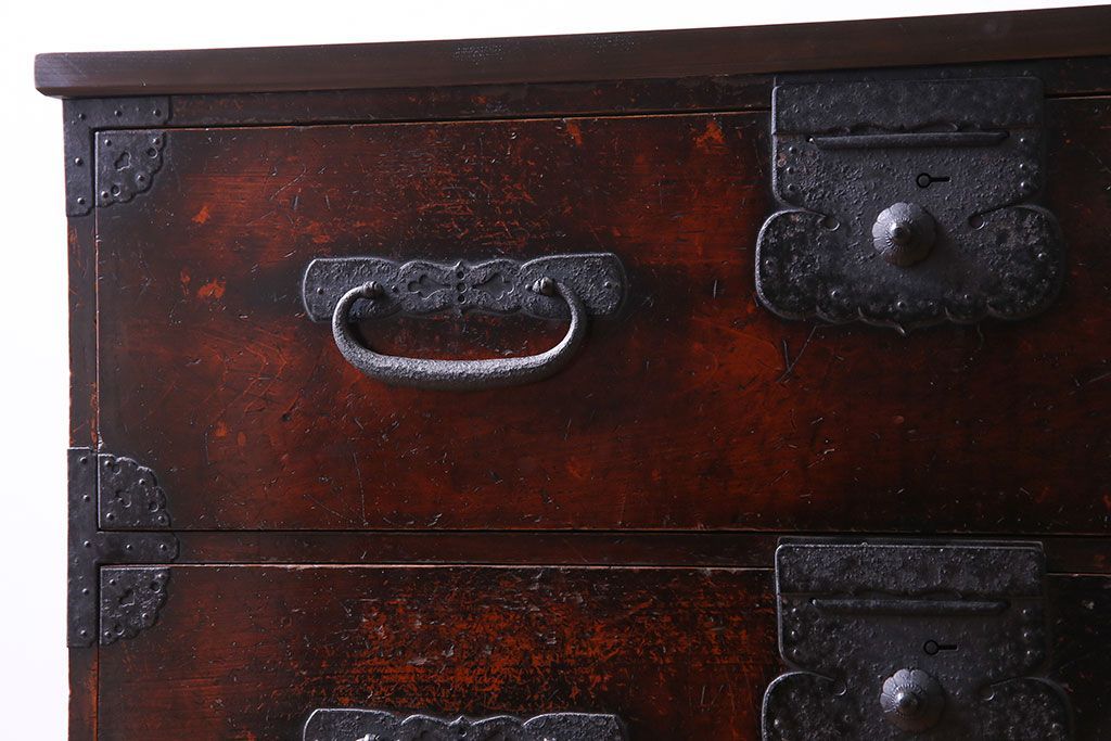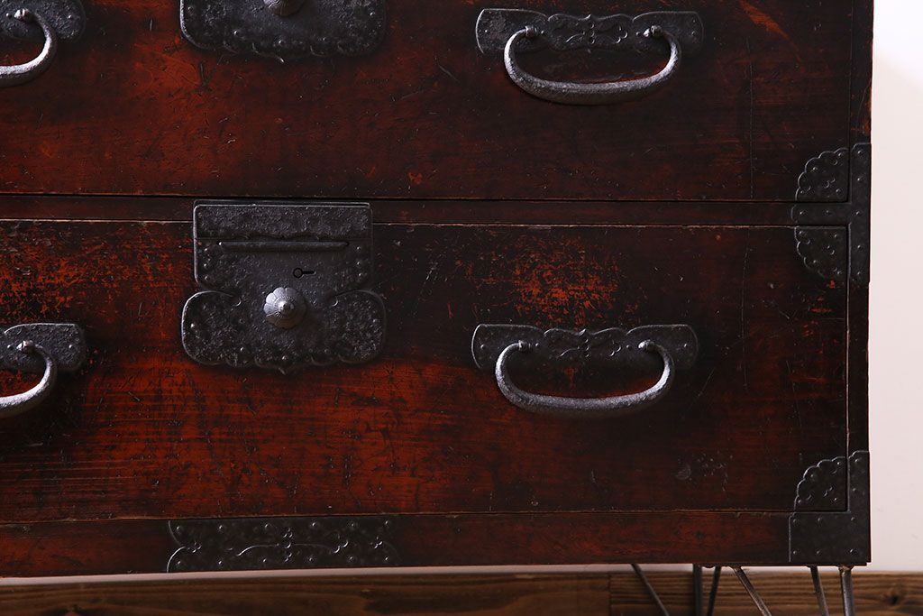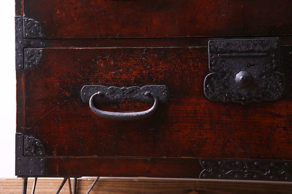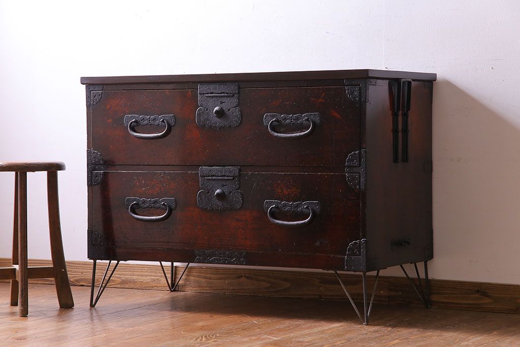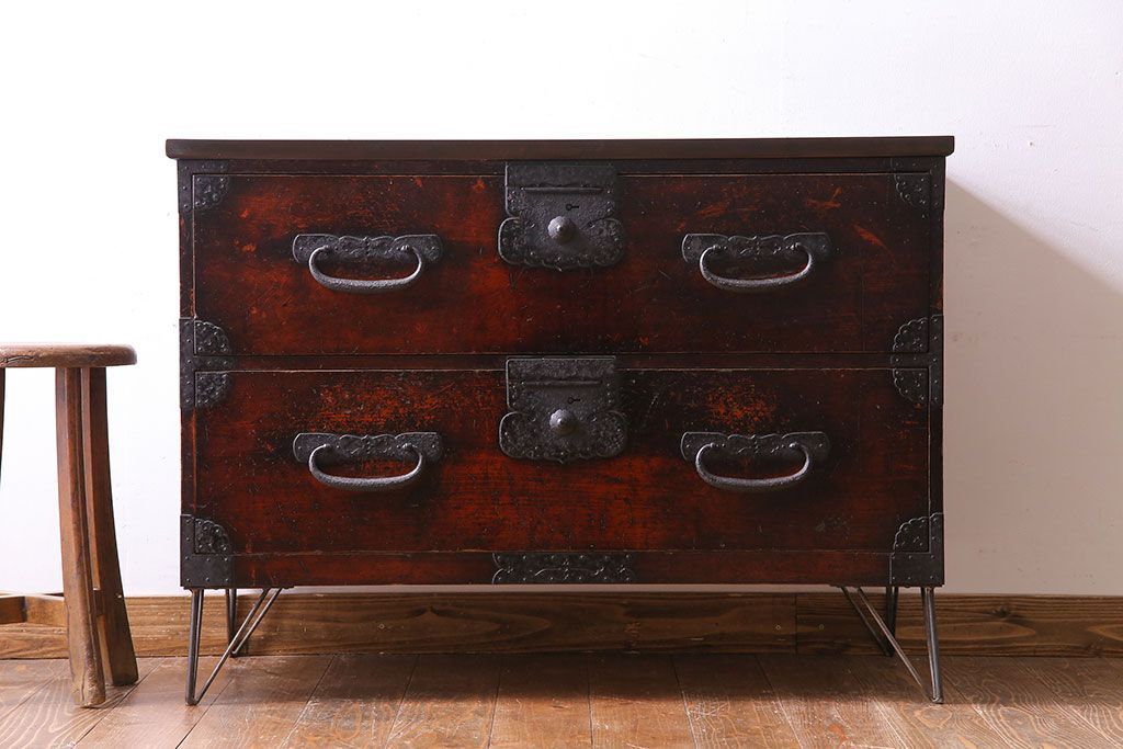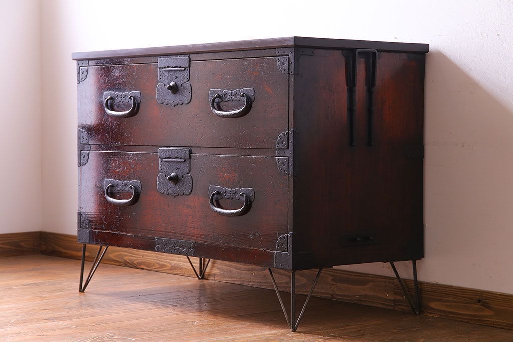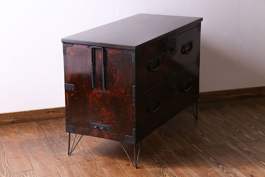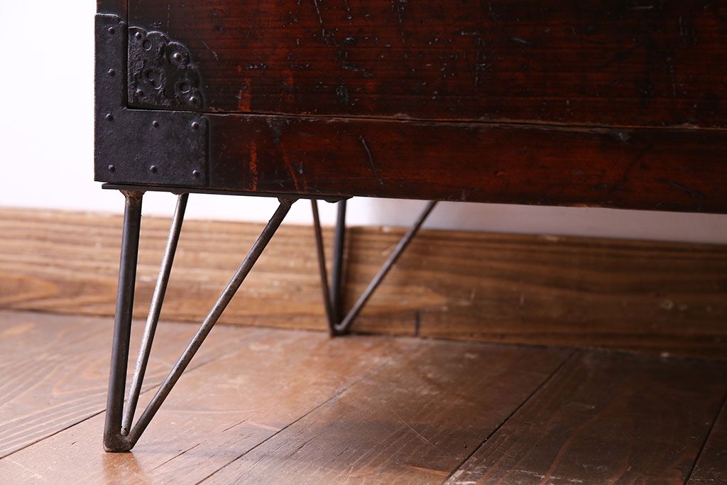 アンティーク家具 和製アンティーク 鉄脚付き 和モダンなローチェスト(箪笥ローボード、衣装箪笥、引き出し)
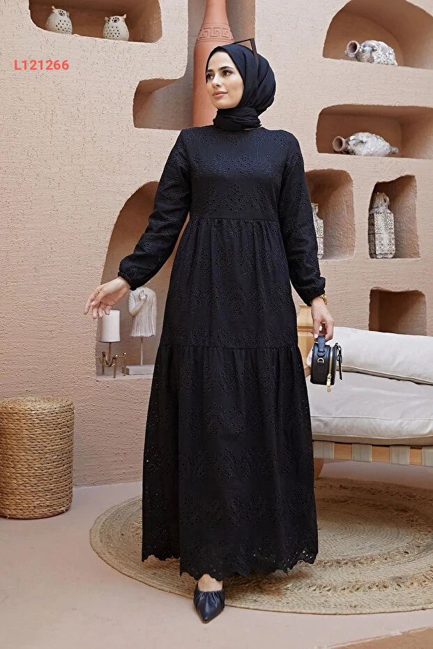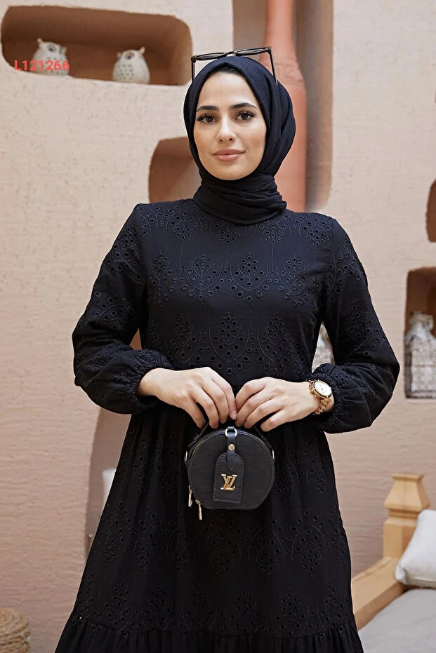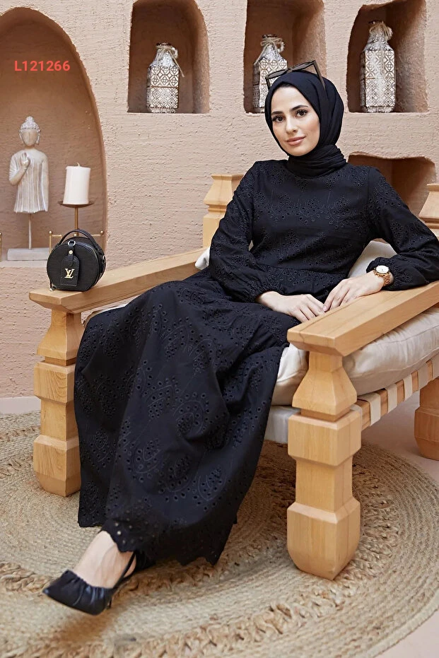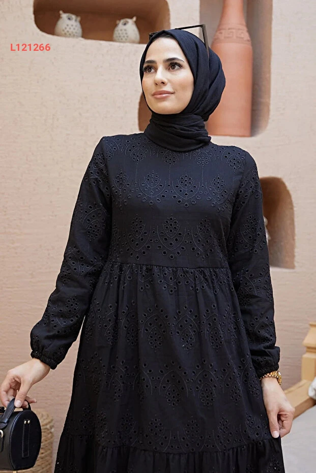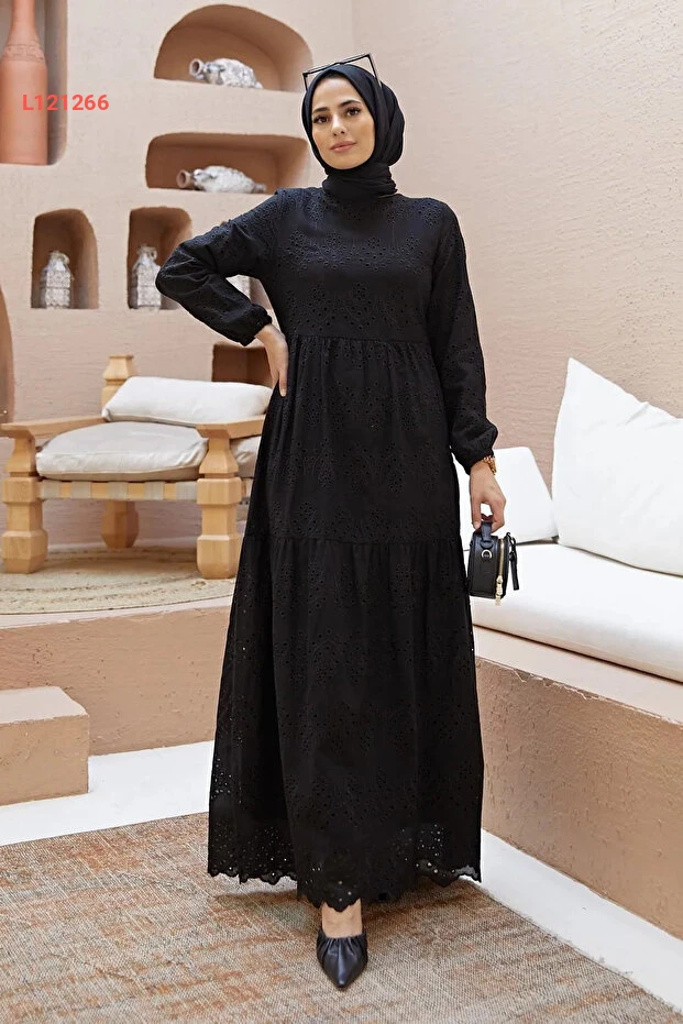 تألقي بأناقتك مع فستان PİNK FLY الطويل باللون الأسود، المصنوع من الدانتيل البروجيد الرائع الذي يضيف لمسة من الجمال الفريد. يتميز بتصميمه الأنيق والمريح، مما يجعله الخيار المثالي لمناسباتك الخاصة أو ليومك العادي، لتكوني دائمًا في قمة أناقتك.
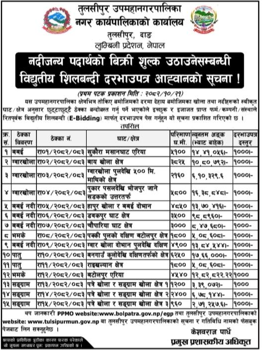 | 35 | Tulsipur Sub-Metropolitan City | Belganar dekhi beljhundi Nawalpur jodne sadak ko kalimati sotama pul nirman ward no 11 | 06/02/2026 | PPMO | 08/03/2026 | Click Here | |
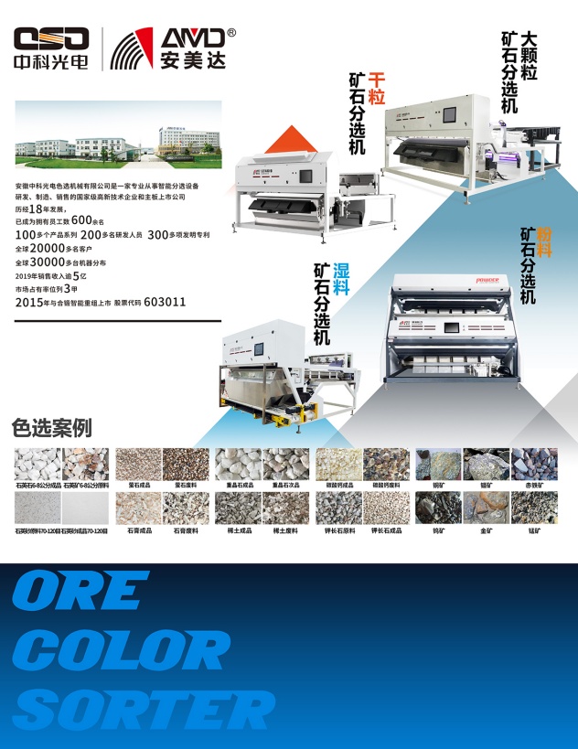 安徽中科光電色選機械有限公司坐落于中國合肥,占地面積15萬平方米,總投資4.5億,員工人數760多人,科研樓25000平方米,是一家專業從事智能分選設備研發、生產、銷售的高新技術企業。歷經十多年的發展,已成為擁有員工超600人,銷售收入逾5億元的大型智能分選設備生產基地?! ?/span>
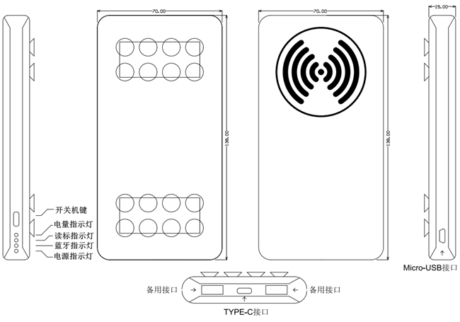读标指示灯:绿灯闪烁,表示读到标签数据
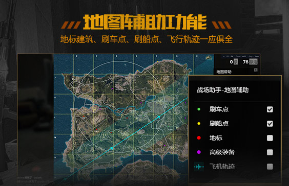1、地图辅助行中飞行轨迹标注,可选择高级装备降落点降落,快速获得枪支武器,赢在起跑

——

◆ How to complete this task ◆
Without carrying over any pictures, retype the records above exactly.

◆ Answer box ◆
 アンティーク家具 和製アンティーク 鉄脚付き 和モダンなローチェスト(箪笥ローボード、衣装箪笥、引き出し)
 تألقي بأناقتك مع فستان PİNK FLY الطويل باللون الأسود، المصنوع من الدانتيل البروجيد الرائع الذي يضيف لمسة من الجمال الفريد. يتميز بتصميمه الأنيق والمريح، مما يجعله الخيار المثالي لمناسباتك الخاصة أو ليومك العادي، لتكوني دائمًا في قمة أناقتك.
 | 35 | Tulsipur Sub-Metropolitan City | Belganar dekhi beljhundi Nawalpur jodne sadak ko kalimati sotama pul nirman ward no 11 | 06/02/2026 | PPMO | 08/03/2026 | Click Here | |
 安徽中科光電色選機械有限公司坐落于中國合肥,占地面積15萬平方米,總投資4.5億,員工人數760多人,科研樓25000平方米,是一家專業從事智能分選設備研發、生產、銷售的高新技術企業。歷經十多年的發展,已成為擁有員工超600人,銷售收入逾5億元的大型智能分選設備生產基地?! ?/span>
读标指示灯:绿灯闪烁,表示读到标签数据
1、地图辅助行中飞行轨迹标注,可选择高级装备降落点降落,快速获得枪支武器,赢在起跑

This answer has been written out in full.